- Entries provided -
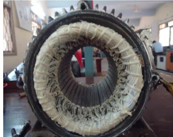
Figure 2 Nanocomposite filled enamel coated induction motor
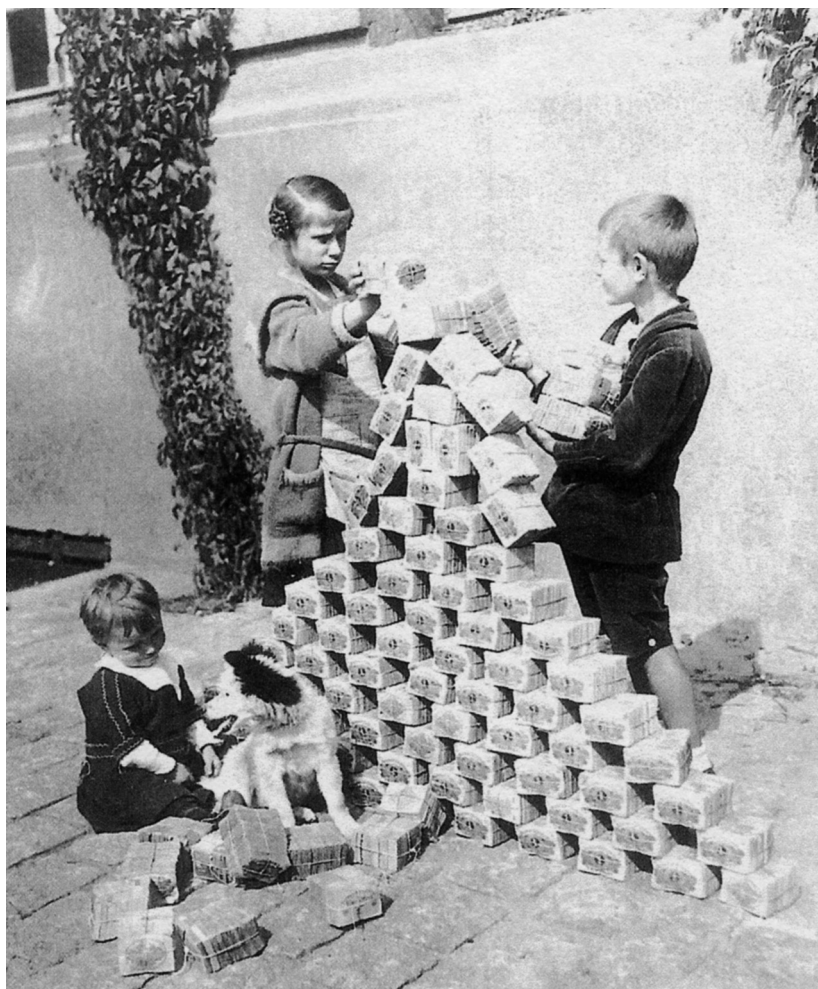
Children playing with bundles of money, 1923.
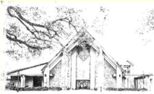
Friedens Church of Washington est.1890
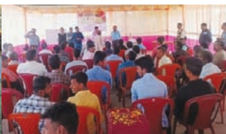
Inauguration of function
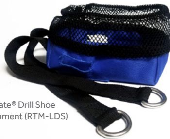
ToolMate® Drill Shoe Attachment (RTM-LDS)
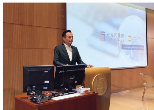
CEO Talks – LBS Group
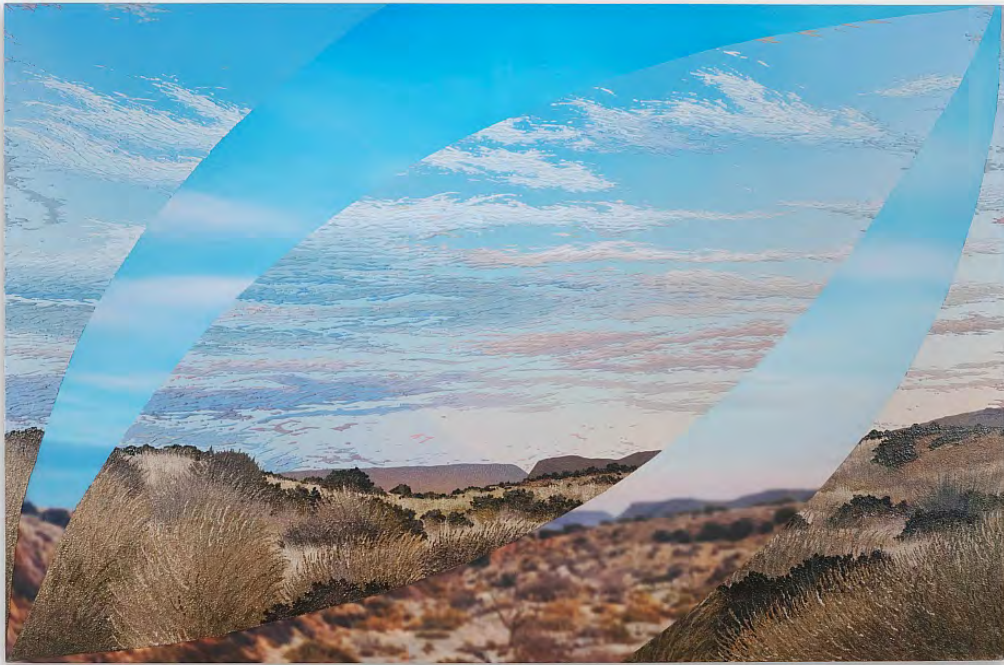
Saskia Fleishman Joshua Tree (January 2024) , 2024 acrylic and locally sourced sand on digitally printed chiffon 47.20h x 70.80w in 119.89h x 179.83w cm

- Task goal -
Could you write out, word for word, the lines from the one containing "Inauguration of function" through the last line of the records, leaving out the pictures?

- Written answer -
Inauguration of function
ToolMate® Drill Shoe Attachment (RTM-LDS)
CEO Talks – LBS Group
Saskia Fleishman Joshua Tree (January 2024) , 2024 acrylic and locally sourced sand on digitally printed chiffon 47.20h x 70.80w in 119.89h x 179.83w cm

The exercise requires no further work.